А.Ф.Лосев

Что касается искусствоведческой линии эллинистически-римской эстетики, то у К.Гилберт и Г.Куна она тоже представлена, можно сказать, богато. Основным здесь является неизменно прогрессирующее развитие в сравнении с Аристотелем, который тоже начинал глубоко интересоваться деталями искусства, несмотря на все его спекулятивные интересы в этой области. Не только Феофраст прославился своим углубленным психологическим анализом человеческих типов (черта, тоже характерная для времен дифференцированной индивидуальности), и не только Аристоксен своей теорией чистой музыкальной слышимости - уже тут мы наблюдаем прогрессирующую детализацию аристотелевского эмпиризма, - но наследие великого философа поздней классики часто приводило к возникновению на основах аристотелизма целых отдельных эстетических дисциплин. "Темы поэтического искусства, учение о музыкальных строях, методы создания характеров в драматическом произведении и история развития литературных типов - все это было составными частями первоначальной эстетической теории"{92}. Теперь уже стали говорить не просто о художественных стилях, но обычным занятием у литературных критиков и риторов стало методическое сравнение одних стилей с другими. Тут необходимо целиком присоединиться к излагаемым у нас сейчас авторам, потому что сравнение стилей - это действительно одна из главнейших задач тогдашнего литературоведения, правда, укорененного все в том же Аристотеле. Мы только приведем то место излагаемой нами книги, где передается одно рассуждение Квинтилиана (XI, 76-80):

"Квинтилиан говорит о стиле и лаконичности языка Демосфена и его энергичном стиле, о более многословном и менее энергичном стиле Эсхина; о том, что речь Лисия скорее напоминает журчание ручейка, чем гул мощной реки, а тонкая и изысканная манера Исократа вести полемику больше подходит для фехтовальной школы, чем для поля битвы"{93}.

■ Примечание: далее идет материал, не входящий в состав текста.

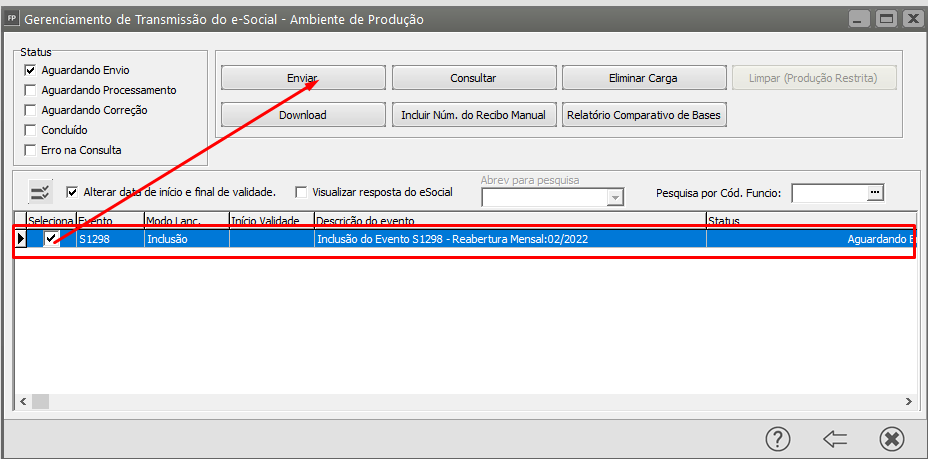 Faça o envio da carga de Reabertura para o Portal do eSocial
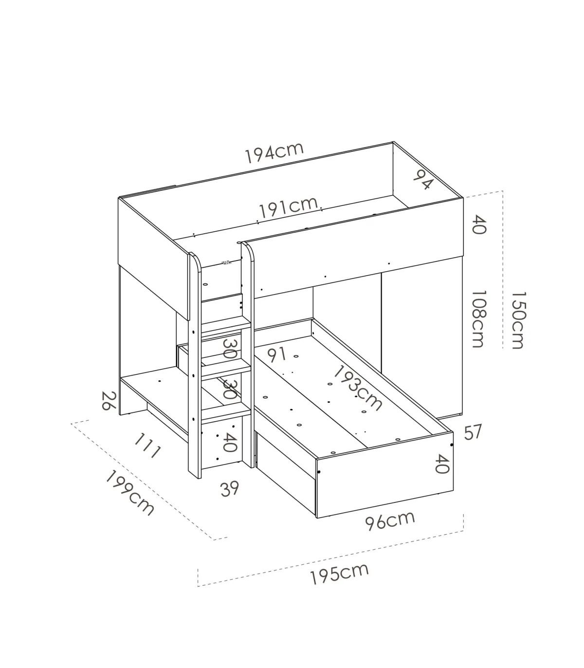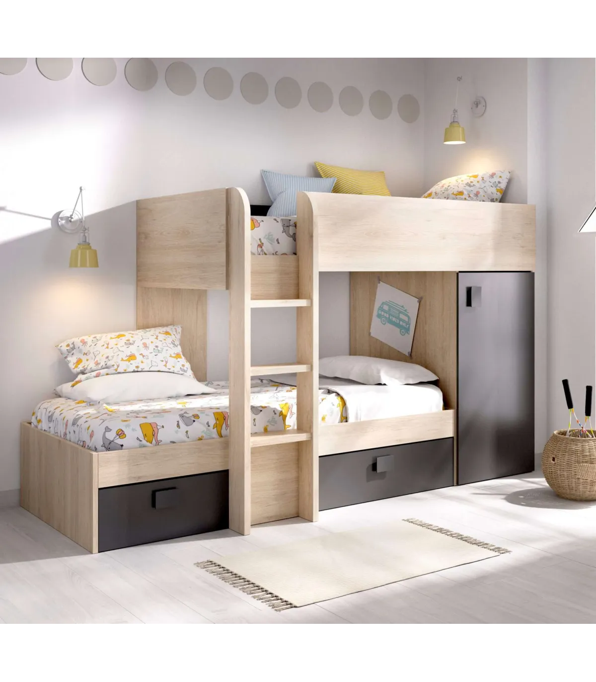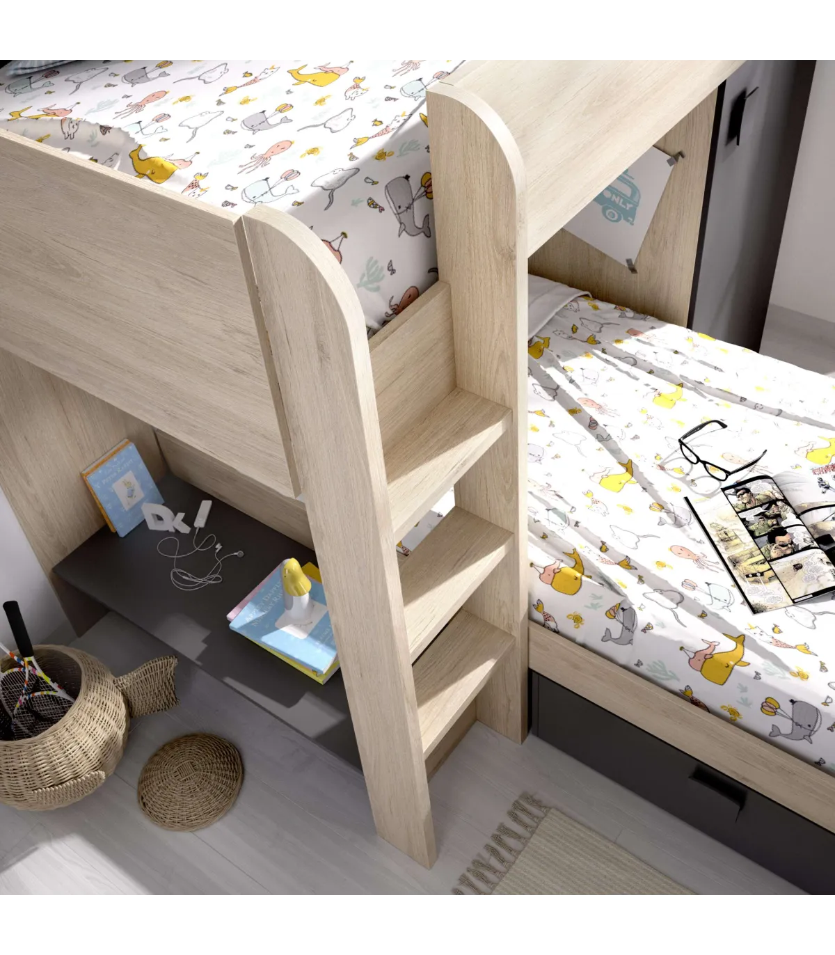 Baeza cama de trem montagem reversível em natural-enxerto 150 cm (alta) 255 cm (largura) 110 cm (largo)
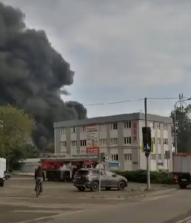 Огонь охватил склад с бутилированной водой на улице Вавилова. Обрушилась крыша. На выезде из «Суворовского» скопилась пробка. Спасатели борются с пламенем (ВИДЕО).
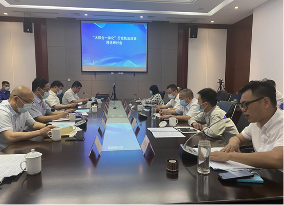 副院长(主持工作)童建华主持,来自司法部行政执法协调监督局、浙江省综合执法指导办公室、浙江省高级人民法院行政庭、嘉兴市人大常委会监察司法工委、嘉兴市中级人民法院行政庭、嘉兴市综合行政执法局、浙江省委党校等单位的10余位领导和专家通过线上线下相结合的方式参加研讨会。与会专家围绕嘉兴经开区“大综合一体化”行政执法改革、功能区(园区)“一支队伍管执法”等主题进行研讨,对经开区如何推进“大综合一体化”行政执法改革提出了许多具有建设性的建议。
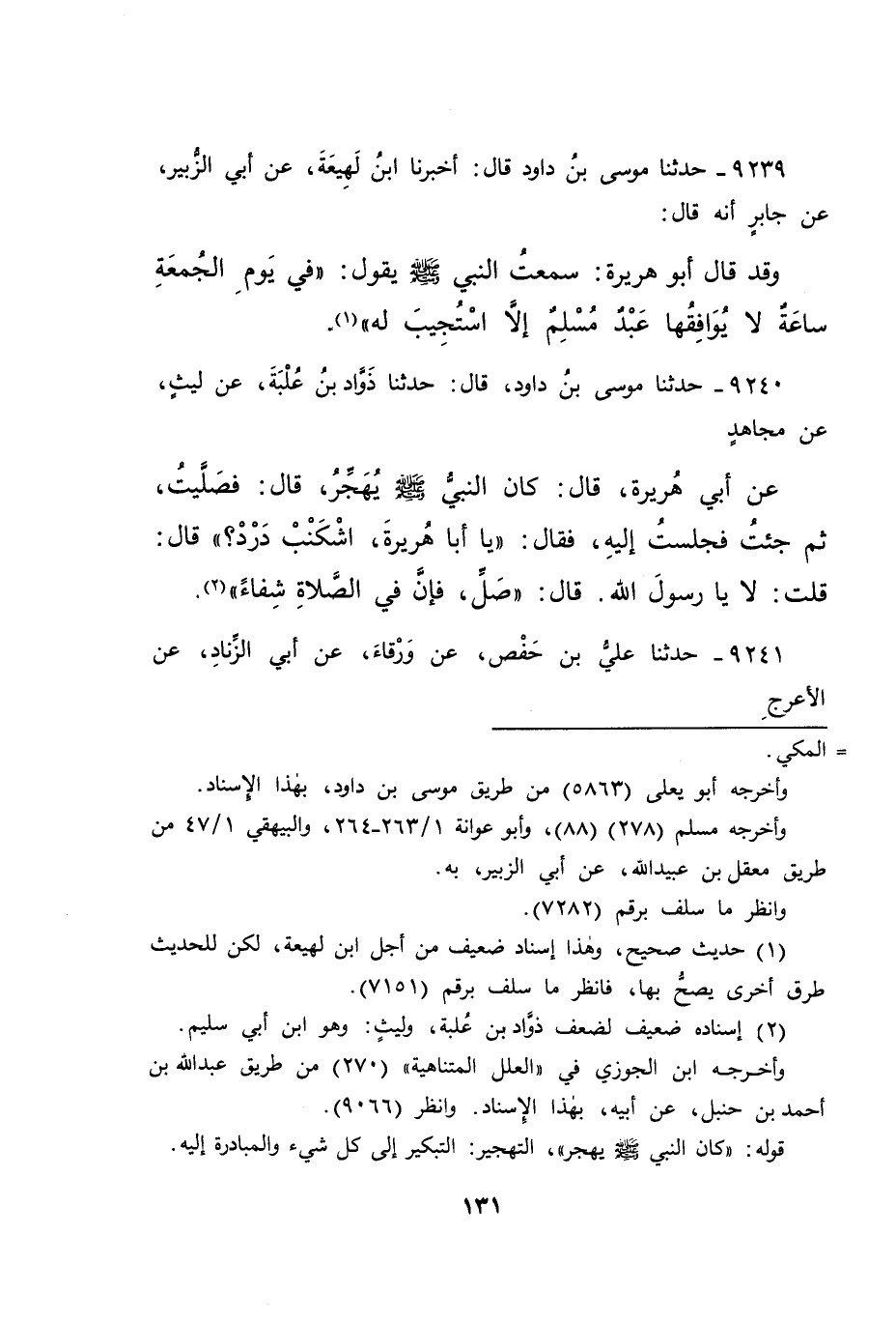 ٩٢٤٠ - حَدَّثَنَا مُوسَى بْنُ دَاوُدَ، قَالَ: حَدَّثَنَا ذَوَّادُ بْنُ عُلْبَةَ، عَنْ لَيْثٍ، عَنْ مُجَاهِدٍ، عَنْ أَبِي هُرَيْرَةَ، قَالَ: كَانَ النَّبِيُّ صَلَّى اللهُ عَلَيْهِ وَسَلَّمَ يُهَجِّرُ، قَالَ: فَصَلَّيْتُ، ثُمَّ جِئْتُ فَجَلَسْتُ إِلَيْهِ، فَقَالَ: يَا أَبَا هُرَيْرَةَ: " اشكمت درد؟ "، قَالَ: قُلْتُ: لَا، يَا رَسُولَ اللهِ، قَالَ: " صَلِّ، فَإِنَّ فِي الصَّلَاةِ شِفَاءً " (٢)
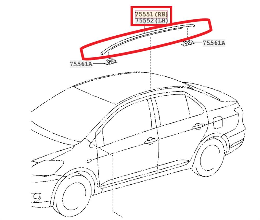 Водонепроницаемый молдинг водосточной планки крыши для TOYOTA YARIS СЕДАН 07-11
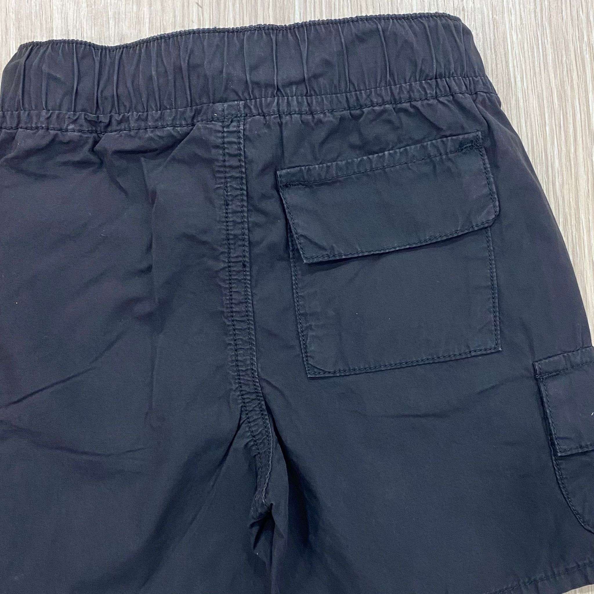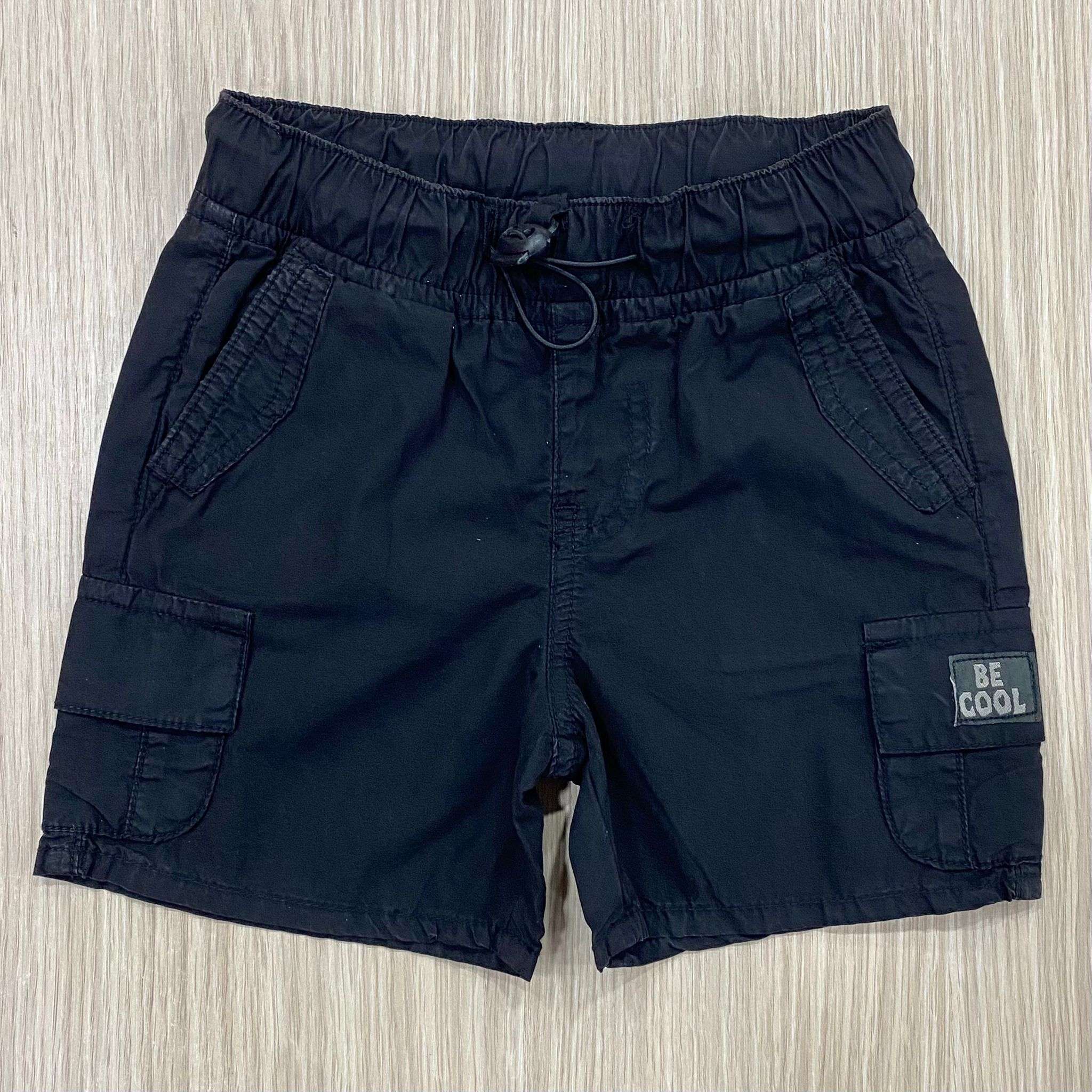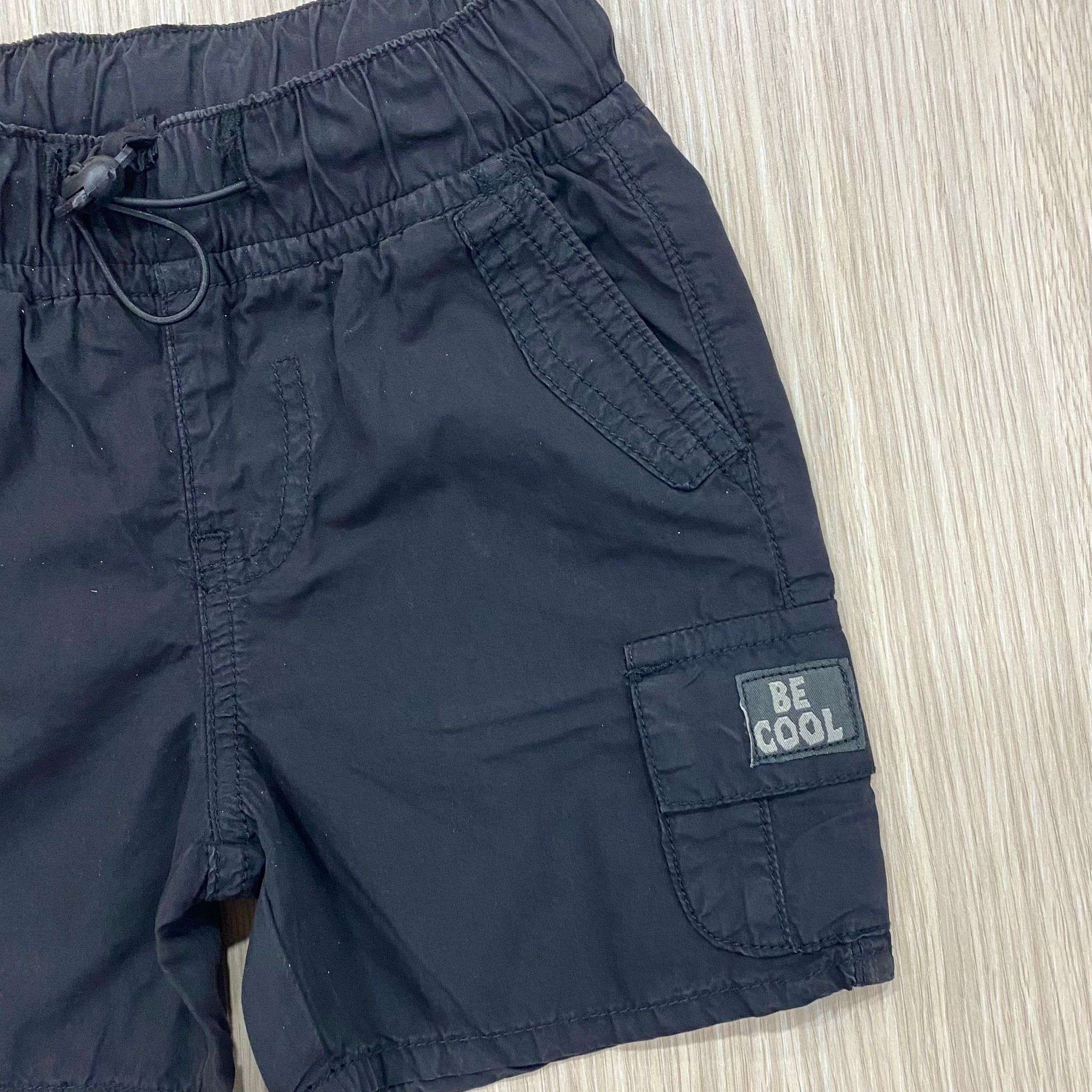Bermuda bambino in cotone, di colore grigio scuro, con dettaglio di tasconi laterali.
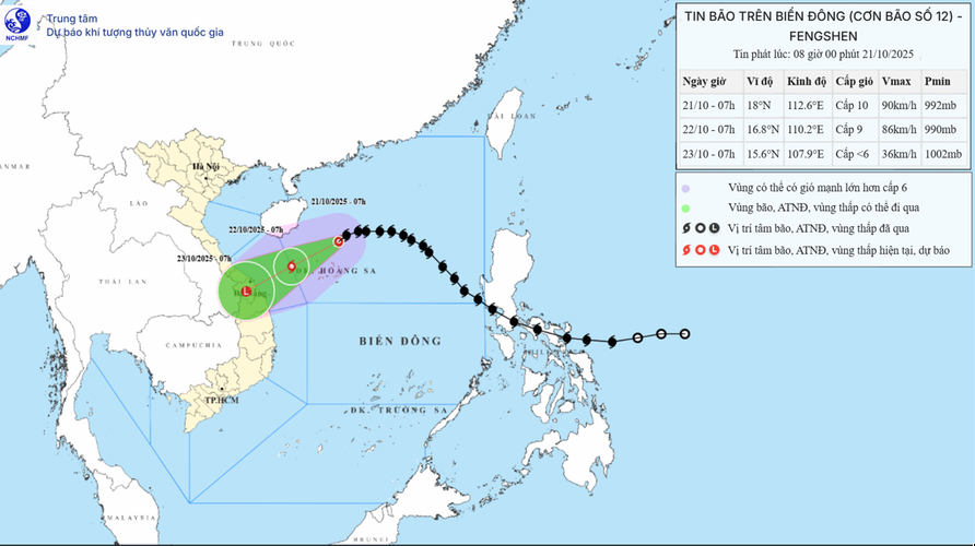 Theo Trung tâm dự báo Khí tượng thủy văn Quốc gia, hồi 7h ngày 21/10, tâm bão Fengshen ở khoảng 18,0 độ Vĩ Bắc – 112,6 độ Kinh Đông, cách Hoàng Sa khoảng 130km về phía Bắc.

Такого рода эстетическая и художественная детализация проявилась в эпоху эллинизма еще и в виде весьма настойчивого исторического интереса. Представитель поздней классики Аристотель и здесь оказался прямым предшественником эллинизма. Но его замечания по истории драмы в "Поэтике" или по истории предшествовавшей ему философии в "Метафизике" все же носили спорадический и вполне случайный характер. Но совсем другое дело в эллинистически-римской эстетике. Уже в Александрии составлялись списки поэтов и давнего и недавнего прошлого (Аристофан Византийский), а в дальнейшем эти списки стали обрастать разнообразными историческими сведениями, в Александрии же зародились и методы изучения прежних писателей не только с точки зрения их общественного окружения (Аристарх Самофракийский). И этот историзм уже не умирал в течение всей эллинистически-римской эстетики{94}.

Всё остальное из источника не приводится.